Imagine your application’s architecture is FedEx providing package delivery services to it’s customers in a timely manner. If you were to apply the concept of network monitoring to this analogy, using an NPM tool would help track how long it takes for packages to travel in transit from one hub to the next, examining it’s contents and the expected arrival time to it’s final destination.

Now let’s say that a package was being sent from Paris to Los Angeles but hit a snag at the London hub along the way. Operations at London came to a screeching hault for some inexplicable reason and your task is to figure out why and how to fix it ASAP so operations are running smooth again. In this case, APM is the favorable solution over NPM here. APM tools not only empower you with the ability to see how long it takes for your package to travel to different locations, but also how the package is processed at the facility and why operations came to a standstill. At this juncture, you probably wouldn’t even care to analyze the package’s contents since you already know what’s inside and it’s still in London.

When applying this concept to the world of business applications, NPM tools won’t provide you with visibility into application logic inefficiencies, especially when experiencing a performance issue or service level breach to key business transactions.
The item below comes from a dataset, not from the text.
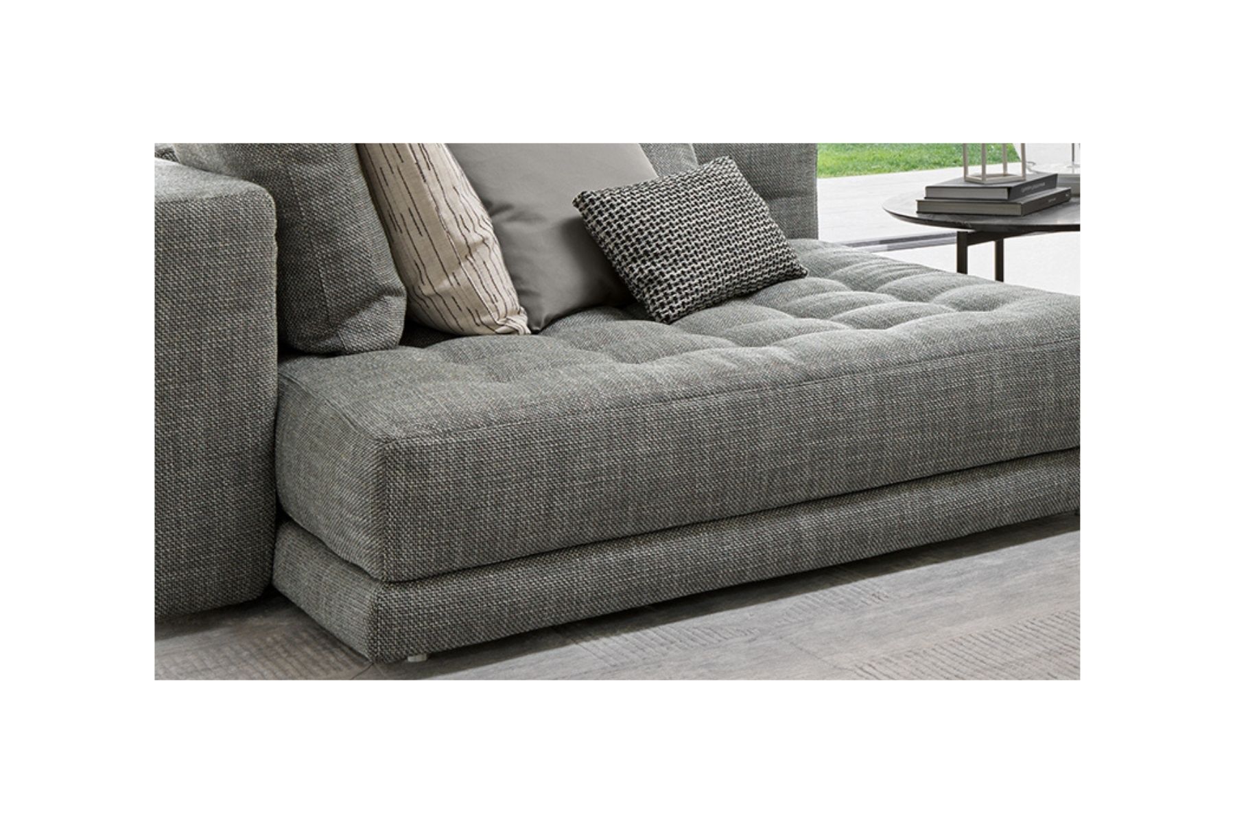 Doze Flat di Flou Γ¨ un divano componibile che garantisce un elevato comfort, paragonabile a quello di un letto, grazie alla base a doghe, allβimbottitura con molle e al tessuto traspirante sottostante. I moduli combinabili permettono configurazioni lineari, angolari o con allunghi laterali, adattandosi a spazi di diverse dimensioni. La versione Flat si distingue per un ingombro ridotto, ottenuto diminuendo lo spessore dei braccioli.

NPM performance metrics are derived from captured packets and the network protocols the servers support, but if you’re making inefficient, iterative business logic calls in your code, how will capturing and analyzing packets help you triage the problem? Its the same story for identifying the root cause of memory leaks or thread synchronization issues; execution and visibility like this occurs at the application layer, not at the network layer. Thus, I would argue that NPM compliments APM but doesn’t serve as a viable replacement.

Now before I go enumerating my theories as to why I see this trend, let me just say while I respect their hustle, nice try but not quite. While scouring the web I found many NPM companies trying to crash the popular APM party by marketing their network performance monitoring utilities as an application monitoring and management solution. It can be confusing for a first time buyer trying to evaluate APM tools when you see NPM companies using phrases like, “network-based APM” or “gather data already on your network” in their product messaging.
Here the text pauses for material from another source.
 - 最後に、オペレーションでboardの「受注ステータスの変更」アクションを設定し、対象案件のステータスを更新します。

One of the reasons for this messaging is because NPM is an immensely crowded market. Here’s a list of NPM tools compiled by some IT folks at Stanford. There’s over 300 network monitoring tools, and that’s only going back five years to 2007!! Take your pick. Second, applications and the tools to monitor their performance and availability speaks to customers at a higher level from a technical and business perspective. If I’m in charge of some transaction intensive application, my customers are directly interfacing with the Application Layer in order to complete business transactions which takes place at the highest layer on the stack. Customers aren’t 5-6 levels deep at the Network Layer interacting with packets or the routers and switches they pass through.

By the way, have you seen Gartner’s APM spend analysis? It’s a $2 billion market and growing. This most certainly is a valid reason why NPM solutions are now positioning themselves as an APM solution to customers.
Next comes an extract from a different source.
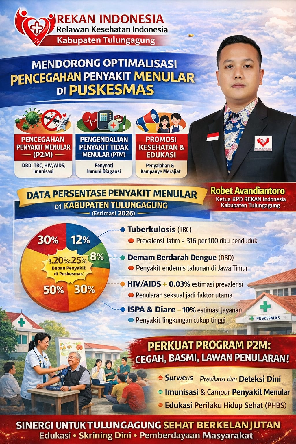 TULUNGAGUNG, Krisnanewstv.com — Ketua KPD Rekan Indonesia Kabupaten Tulungagung, Robet Avandiantoro, mendorong Dinas Kesehatan Kabupaten Tulungagung untuk memperkuat peran Puskesmas dalam upaya pencegahan penyakit melalui pendekatan promotif dan preventif kepada masyarakat.

If you have absolutely nothing to monitor any part of your applications infrastructure, then something is better than nothing. However, at some point you’ll need better visibility at the application layer regardless how fast packets are traveling through the pipes. NPM won’t necessarily provide the range of visibility your App Ops and Dev teams need to diagnose, troubleshoot, and idenfity problem root causes.

Those who live day in and day out the networking world will naturally gravitate to what they’re familiar with, but if you haven’t ventured out into the evolving APM market, I highly recommend it. Even though you can achieve some level of performance monitoring with NPM, you’ll find yourself running into limitations in application visibility pretty quick. But as the old saying goes, “If all you have is a hammer, then everything looks like a nail.”

I’m curious to know what are your thoughts are. Which class of tools would you choose? Why?